Eva Montes, par exemple, rappelle qu’« il faut être portée par une vraie implication artistique » pour monter sur scène, et non par une volonté de « défi ou pour s'affirmer » Entretien avec Chris Do Carmo, blog Beburlesque, http://beburlesque.com/entrevues/entrevue-avec-ema-mont-s. Wanda de Lullabies conseille, elle, de « ne pas chercher [dans le New Burlesque] un remède décomplexant pour surmonter sa timidité, ses complexes physiques, mais un vrai amusement et le faire par passion ». Entretien avec Romain, blog Soburlesque, http://www.soburlesqueblog.com/2011/09/pour-ce-nouvel-article-de-la- rentree-je.html

Considéré autrefois comme une pratique licencieuse à destination des hommes, le strip-tease s’enseigne et se réalise aujourd’hui dans un cercle paradoxalement féminin. Les stigmates-mêmes de son ancienne inscription dans une économie patriarcale sont détournés : si la praticienne souhaite être sexy et désirable, c’est avant tout pour elle-même et dans un souci d’estime de soi ; la valeur érotique des escarpins de la pole-dance s’efface devant leur dimension gymnique.
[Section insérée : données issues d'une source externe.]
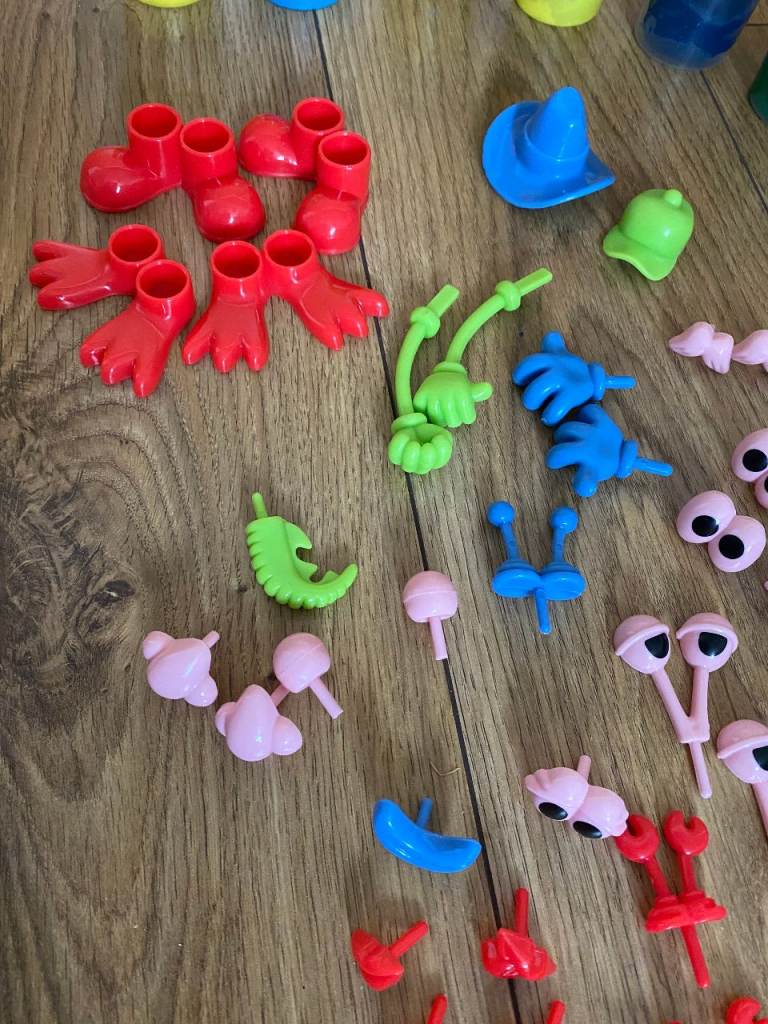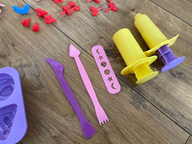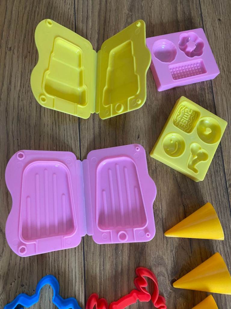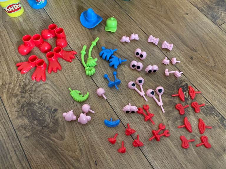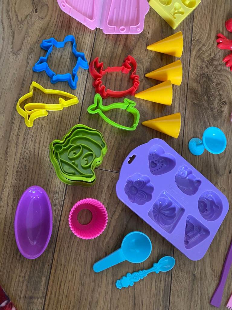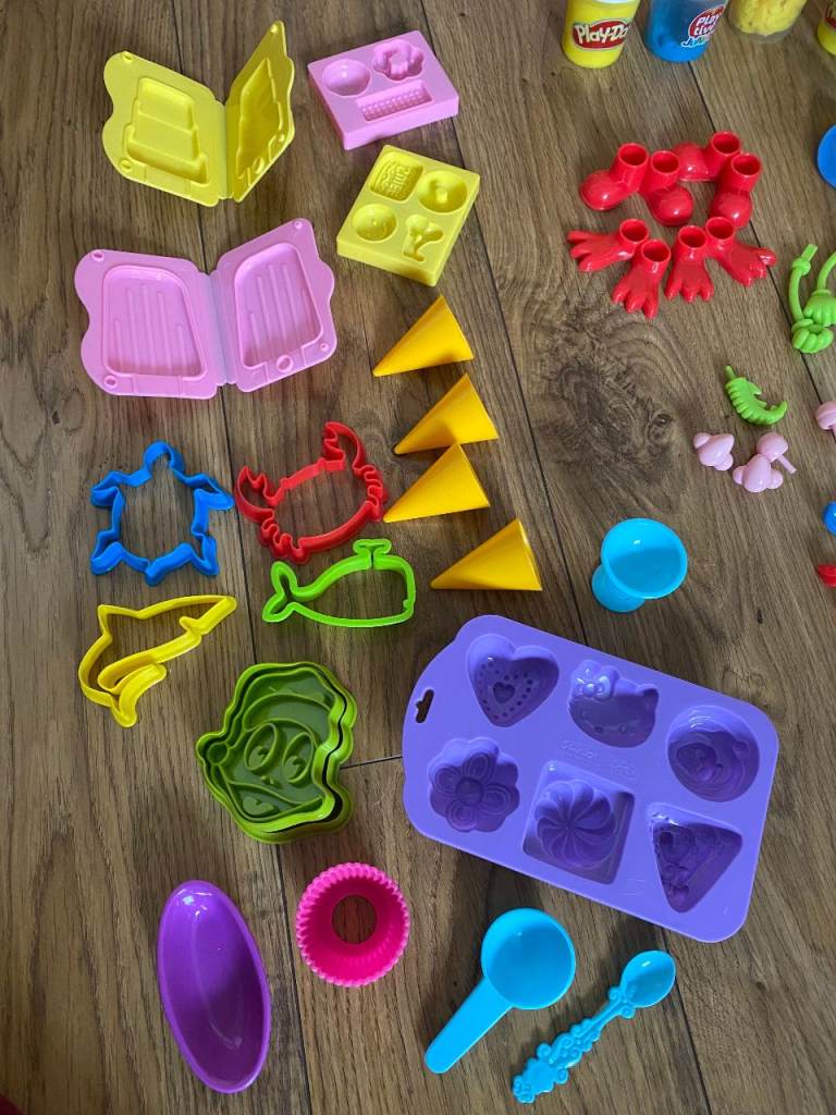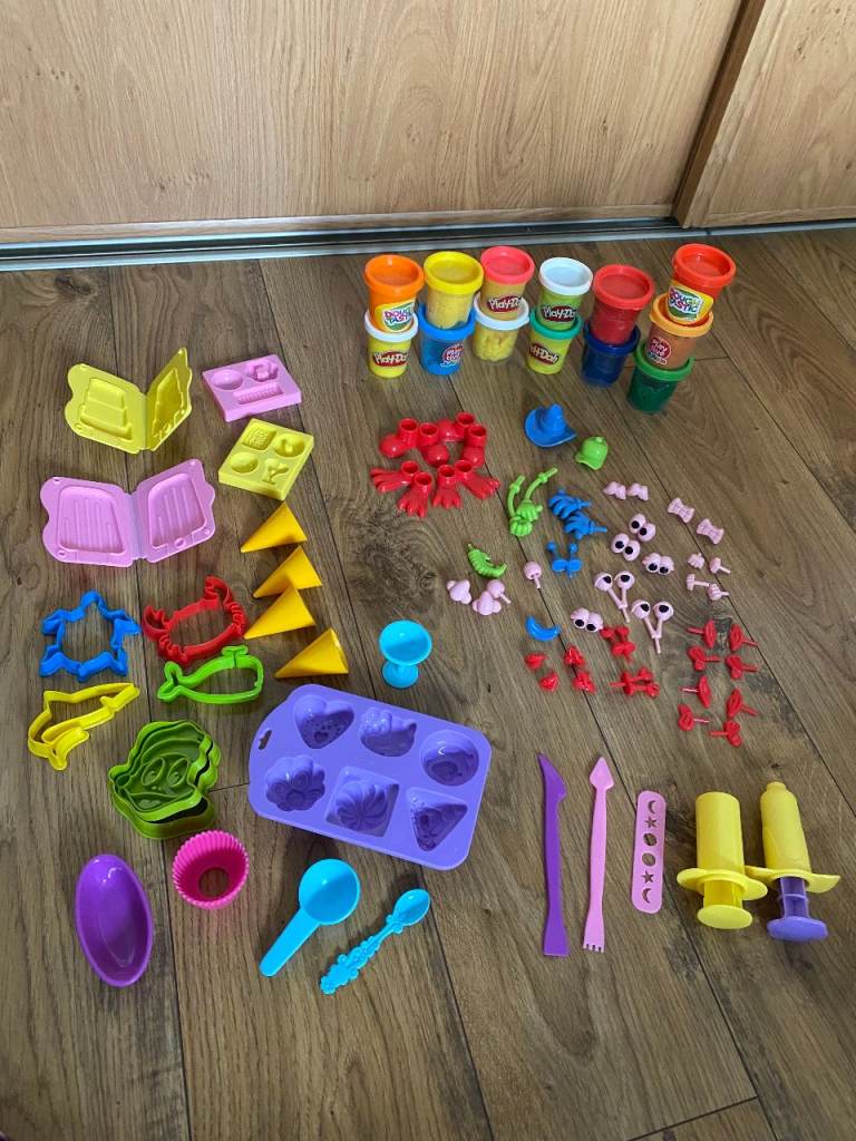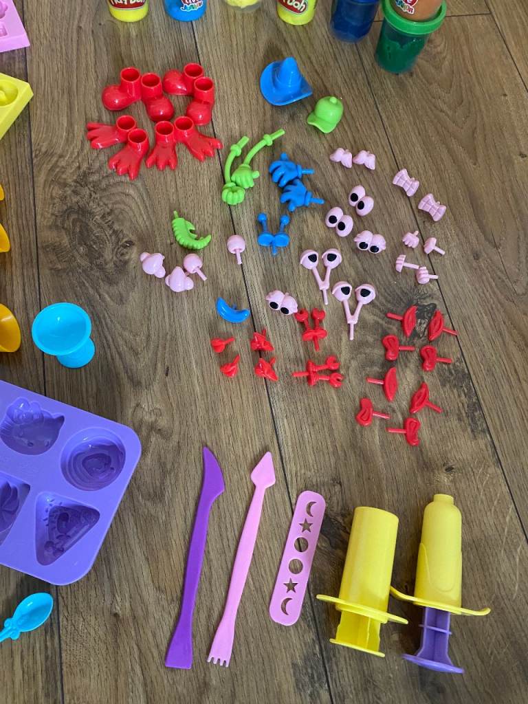 PLAY-DOH, TOOLS & ACCESSORIES : LOTS OF ASSORTED COLOURED TUBS OF PLAY DOH, MOULDS, CUTTERS, TOOLS & ACCESSORIES FOR CREATING PLAYDOH MODELS: EYES / EARS / HANDS / FEET

Selon Attwood et Holland, en excluant les hommes des séances de pole-dance, on « désexualise » la discipline qui n’est plus une entreprise de séduction, mais un moyen, pour la femme, de se sentir forte et belle, sous les encouragements de ses comparses.

Se constituer « objet de désir » en revendiquant conjointement une émancipation de la domination masculine, constitue cependant un paradoxe difficile à résoudre : entérine-t-il les logiques sexistes qu’il prétend déstabiliser ou opère-t-il une production de nouvelle(s) identité(s) féminine(s), en retournant les stigmates des anciennes définitions (patriarcales) de la féminité ?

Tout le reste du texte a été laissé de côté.